How to do Trigram searches in postgreSQL with rails
Postgresql as we know is one of the most matured and robust database out there. It is open source, provides more features than any of its counterparts. It’s also the second most used open source DBMS out there. If you aren’t using it download and get started.
Today we shall look at how to perform trigram indexed searches and trigram combined with postgres full text search. Let’s get started.
What is trigram?
An n-gram of three letter sequence is known as trigram. What is ngram then? From wikipedia,
In the fields of computational linguistics and probability, an n-gram is a contiguous sequence of n items from a given sequence of text or speech.
So what does it mean exactly? It means finding matching words by maintaining variable sequences of characters of a word.
What trigram does is, it splits the given word into three letter sequence at the max and does a similarity search against them in order to find the relevant words to the given word. This comes very useful in terms of autocorrection.
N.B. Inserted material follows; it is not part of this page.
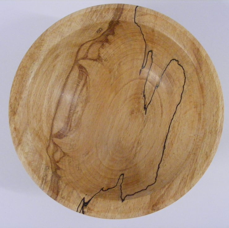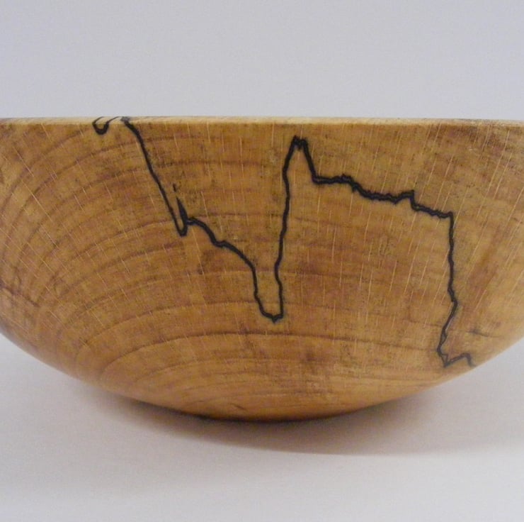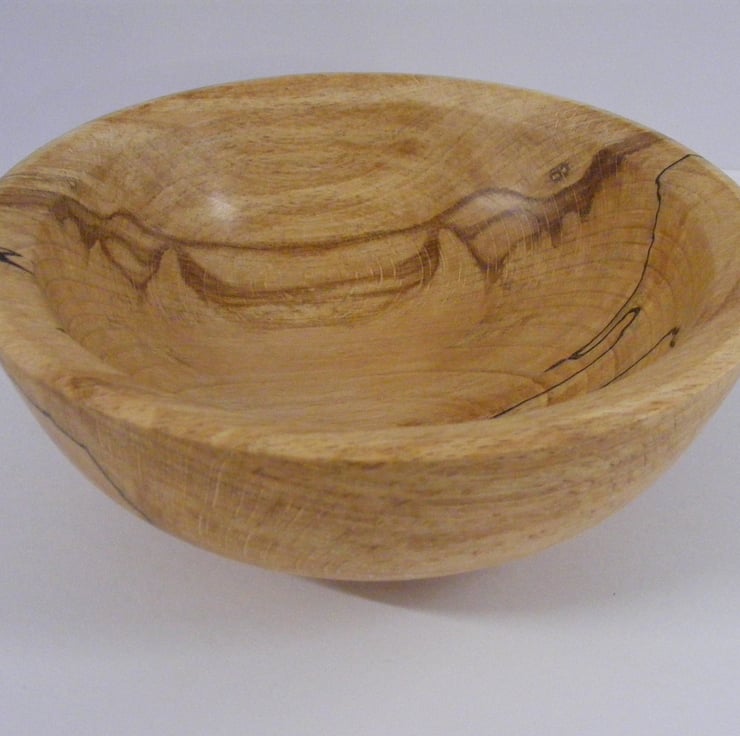 Spalted beech bowl 175 x 65mm, finished in Danish oil. A lovely spalted beech bowl with a sloping rim and distinct spalting lines as well as some nice colour variation in the grain. The spalting comes from natural processes in the wood after it is cut. It would make a nice addition to any home as decoration or for storage of small objects.
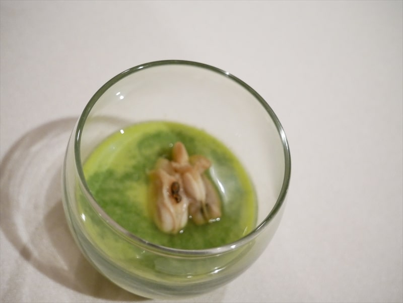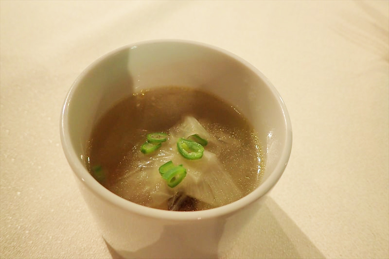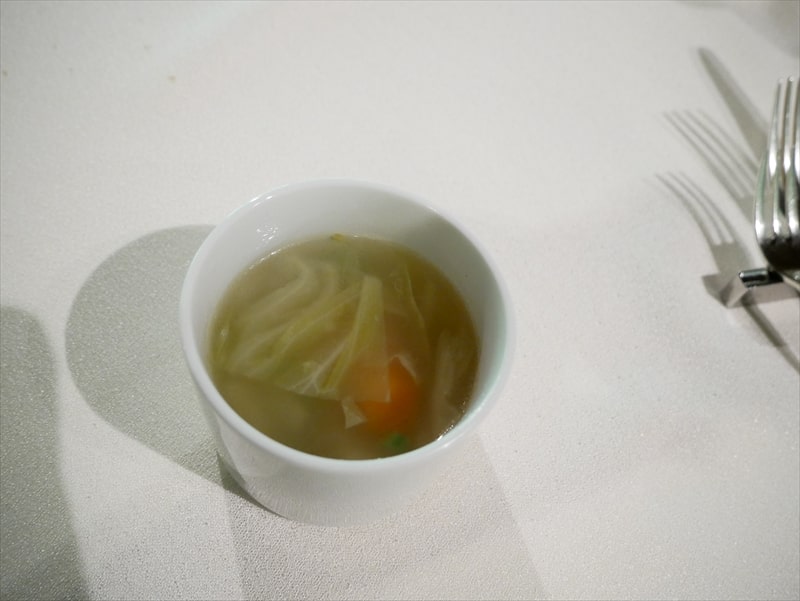 生ハムでとったスープはガーリックの風味があり、エスカルゴが大好きな私には好きな一品でした。

For example, if the available word is google, trigram splits it like
g
,go
,goo
,oog
,ogl
,gle
,le
And assume the user searches for googlr a typo for google, for which the trigrams are calculated
g
,go
,goo
,oog
,ogl
,glr
,lr
And the similiarity is calculated using the number of trigrams they share, which in our case is quite good. So this comes before. if there is say, another word noogle in the DB which has low similiarity with googlr, would be avoided or shown in the last if the filter value is set lower.
Trigram in PostgreSQL
Postgres supports trigram through an extension called pg_trgm which is a Postgres supported extension. The feature this extension provides out of the box are,
-
similarity(text1, text2) - Calculates the similarity index between text1 and text2 in the scale of 0 to 1, with 0 being the least similiar.
-
show_trgm(text)- Lists the trigrams that could be calculated from the given text, like we did above.
-
show_limit() - The set filter used by % (look below). Similarity index above this limit is only shown while performing trigram search. The default limit is 0.3.
-
set_limit(real) - Sets the limit to be used by %.
-
text1 % text2 - Returns true if the similarity between text1 and text2 is above the above set limit.
-
text1 <-> text2 - Distance operator, inverse of similarity. Returns the distance between text1 and text2.
-
gist_trgm_ops and gin_trgm_ops- Allows to build GiST or GIN index respectively over a text column for faster similarity search.
Let’s get started.
Sample app
For the sample app we need a larger DB, so I created one with some 1.5mn rows generated using Faker gem. The rows contains varying sentences generated from Latin words, but at the most some 217 words shuffled.
Install pg_trgm extension
If you haven’t yet, install the pg_trgm
module first. I suggest using a migration to do this instead of doing it directly in psql console. Create a migration and add the below line to it,
execute "create extension pg_trgm;"
Now execute the migration. This will install the extension pg_trgm to the postgres in the system.
Add index
Next up, add the relevant index to the column that we are going to search. At this point I really can’t recommend GiST or GIN since I’ve had varying performance differences in the past. So, create a migration and add the index you are comfortable with. Below is the code I used,
execute "CREATE INDEX name_similarity_idx ON posts USING gist (name gist_trgm_ops);"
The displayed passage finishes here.